* _Brief_: The whole listing, pictures aside, should be reproduced exactly.

* _Data shown_:

+---+

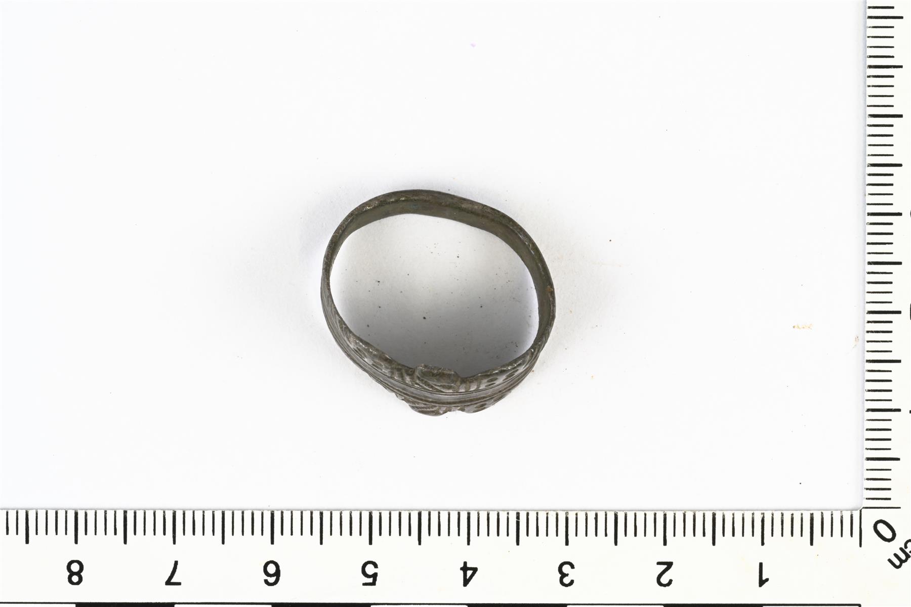 | Hopeinen umpisormus. Etuosa levenee hammastetuksi levyksi, jossa on viivauurteita ja pisteitä. Ks. Lehtinen 379. | |
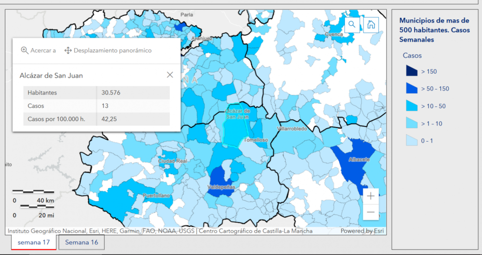 Los datos de seguimiento epidemiológico correspondientes a las semanas 16 y 17 de 2021 (del 19 de abril al 2 de mayo) facilitados por la Consejería de Sanidad antes de finalizar el Estado de Alarma muestran una tendencia a la estabilización en la comarca, con cifras desiguales en los municipios pero poco preocupantes. Comparando las dos semanas, en la mayoría se observa una tendencia a la baja; aunque también se observan subidas en municipios como Manzanares o Tomelloso.
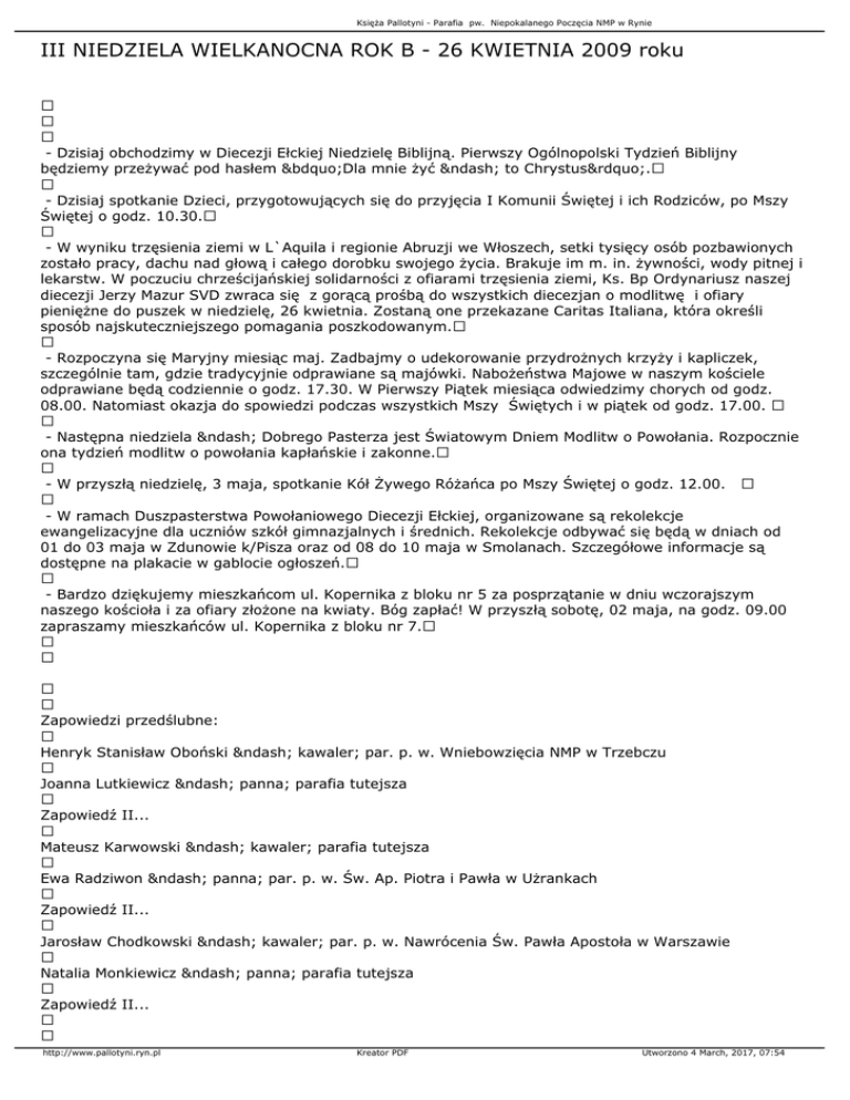 Księża Pallotyni - Parafia pw. Niepokalanego Poczęcia NMP w Rynie III NIEDZIELA WIELKANOCNA ROK B - 26 KWIETNIA 2009 roku - Dzisiaj obchodzimy w Diecezji Ełckiej Niedzielę Biblijną. Pierwszy Ogólnopolski Tydzień Biblijny będziemy przeżywać pod hasłem „Dla mnie żyć – to Chrystus”. - Dzisiaj spotkanie Dzieci, przygotowujących się do przyjęcia I Komunii Świętej i ich Rodziców, po Mszy Świętej o godz. 10.30. - W wyniku trzęsienia ziemi w L`Aquila i regionie Abruzji we Włoszech, setki tysięcy osób pozbawionych zostało pracy, dachu nad głową i całego dorobku swojego życia. Brakuje im m. in. żywności, wody pitnej i lekarstw. W poczuciu chrześcijańskiej solidarności z ofiarami trzęsienia ziemi, Ks. Bp Ordynariusz naszej diecezji Jerzy Mazur SVD zwraca się z gorącą prośbą do wszystkich diecezjan o modlitwę i ofiary pieniężne do puszek w niedzielę, 26 kwietnia. Zostaną one przekazane Caritas Italiana, która określi sposób najskuteczniejszego pomagania poszkodowanym. - Rozpoczyna się Maryjny miesiąc maj. Zadbajmy o udekorowanie przydrożnych krzyży i kapliczek, szczególnie tam, gdzie tradycyjnie odprawiane są majówki. Nabożeństwa Majowe w naszym kościele odprawiane będą codziennie o godz. 17.30. W Pierwszy Piątek miesiąca odwiedzimy chorych od godz. 08.00. Natomiast okazja do spowiedzi podczas wszystkich Mszy Świętych i w piątek od godz. 17.00. - Następna niedziela – Dobrego Pasterza jest Światowym Dniem Modlitw o Powołania. Rozpocznie ona tydzień modlitw o powołania kapłańskie i zakonne. - W przyszłą niedzielę, 3 maja, spotkanie Kół Żywego Różańca po Mszy Świętej o godz. 12.00. - W ramach Duszpasterstwa Powołaniowego Diecezji Ełckiej, organizowane są rekolekcje ewangelizacyjne dla uczniów szkół gimnazjalnych i średnich. Rekolekcje odbywać się będą w dniach od 01 do 03 maja w Zdunowie k/Pisza oraz od 08 do 10 maja w Smolanach. Szczegółowe informacje są dostępne na plakacie w gablocie ogłoszeń. - Bardzo dziękujemy mieszkańcom ul. Kopernika z bloku nr 5 za posprzątanie w dniu wczorajszym naszego kościoła i za ofiary złożone na kwiaty. Bóg zapłać! W przyszłą sobotę, 02 maja, na godz. 09.00 zapraszamy mieszkańców ul. Kopernika z bloku nr 7. Zapowiedzi przedślubne: Henryk Stanisław Oboński – kawaler; par. p. w. Wniebowzięcia NMP w Trzebczu Joanna Lutkiewicz – panna; parafia tutejsza Zapowiedź II... Mateusz Karwowski – kawaler; parafia tutejsza Ewa Radziwon – panna; par. p. w. Św. Ap. Piotra i Pawła w Użrankach Zapowiedź II... Jarosław Chodkowski – kawaler; par. p. w. Nawrócenia Św. Pawła Apostoła w Warszawie Natalia Monkiewicz – panna; parafia tutejsza Zapowiedź II... http://www.pallotyni.ryn.pl Kreator PDF Utworzono 4 March, 2017, 07:54 Księża Pallotyni - Parafia pw. Niepokalanego Poczęcia NMP w Rynie http://www.pallotyni.ryn.pl Kreator PDF Utworzono 4 March, 2017, 07:54

+---+

* _Finished task_:
 | Hopeinen umpisormus. Etuosa levenee hammastetuksi levyksi, jossa on viivauurteita ja pisteitä. Ks. Lehtinen 379. | |
 Los datos de seguimiento epidemiológico correspondientes a las semanas 16 y 17 de 2021 (del 19 de abril al 2 de mayo) facilitados por la Consejería de Sanidad antes de finalizar el Estado de Alarma muestran una tendencia a la estabilización en la comarca, con cifras desiguales en los municipios pero poco preocupantes. Comparando las dos semanas, en la mayoría se observa una tendencia a la baja; aunque también se observan subidas en municipios como Manzanares o Tomelloso.
 Księża Pallotyni - Parafia pw. Niepokalanego Poczęcia NMP w Rynie III NIEDZIELA WIELKANOCNA ROK B - 26 KWIETNIA 2009 roku - Dzisiaj obchodzimy w Diecezji Ełckiej Niedzielę Biblijną. Pierwszy Ogólnopolski Tydzień Biblijny będziemy przeżywać pod hasłem „Dla mnie żyć – to Chrystus”. - Dzisiaj spotkanie Dzieci, przygotowujących się do przyjęcia I Komunii Świętej i ich Rodziców, po Mszy Świętej o godz. 10.30. - W wyniku trzęsienia ziemi w L`Aquila i regionie Abruzji we Włoszech, setki tysięcy osób pozbawionych zostało pracy, dachu nad głową i całego dorobku swojego życia. Brakuje im m. in. żywności, wody pitnej i lekarstw. W poczuciu chrześcijańskiej solidarności z ofiarami trzęsienia ziemi, Ks. Bp Ordynariusz naszej diecezji Jerzy Mazur SVD zwraca się z gorącą prośbą do wszystkich diecezjan o modlitwę i ofiary pieniężne do puszek w niedzielę, 26 kwietnia. Zostaną one przekazane Caritas Italiana, która określi sposób najskuteczniejszego pomagania poszkodowanym. - Rozpoczyna się Maryjny miesiąc maj. Zadbajmy o udekorowanie przydrożnych krzyży i kapliczek, szczególnie tam, gdzie tradycyjnie odprawiane są majówki. Nabożeństwa Majowe w naszym kościele odprawiane będą codziennie o godz. 17.30. W Pierwszy Piątek miesiąca odwiedzimy chorych od godz. 08.00. Natomiast okazja do spowiedzi podczas wszystkich Mszy Świętych i w piątek od godz. 17.00. - Następna niedziela – Dobrego Pasterza jest Światowym Dniem Modlitw o Powołania. Rozpocznie ona tydzień modlitw o powołania kapłańskie i zakonne. - W przyszłą niedzielę, 3 maja, spotkanie Kół Żywego Różańca po Mszy Świętej o godz. 12.00. - W ramach Duszpasterstwa Powołaniowego Diecezji Ełckiej, organizowane są rekolekcje ewangelizacyjne dla uczniów szkół gimnazjalnych i średnich. Rekolekcje odbywać się będą w dniach od 01 do 03 maja w Zdunowie k/Pisza oraz od 08 do 10 maja w Smolanach. Szczegółowe informacje są dostępne na plakacie w gablocie ogłoszeń. - Bardzo dziękujemy mieszkańcom ul. Kopernika z bloku nr 5 za posprzątanie w dniu wczorajszym naszego kościoła i za ofiary złożone na kwiaty. Bóg zapłać! W przyszłą sobotę, 02 maja, na godz. 09.00 zapraszamy mieszkańców ul. Kopernika z bloku nr 7. Zapowiedzi przedślubne: Henryk Stanisław Oboński – kawaler; par. p. w. Wniebowzięcia NMP w Trzebczu Joanna Lutkiewicz – panna; parafia tutejsza Zapowiedź II... Mateusz Karwowski – kawaler; parafia tutejsza Ewa Radziwon – panna; par. p. w. Św. Ap. Piotra i Pawła w Użrankach Zapowiedź II... Jarosław Chodkowski – kawaler; par. p. w. Nawrócenia Św. Pawła Apostoła w Warszawie Natalia Monkiewicz – panna; parafia tutejsza Zapowiedź II... http://www.pallotyni.ryn.pl Kreator PDF Utworzono 4 March, 2017, 07:54 Księża Pallotyni - Parafia pw. Niepokalanego Poczęcia NMP w Rynie http://www.pallotyni.ryn.pl Kreator PDF Utworzono 4 March, 2017, 07:54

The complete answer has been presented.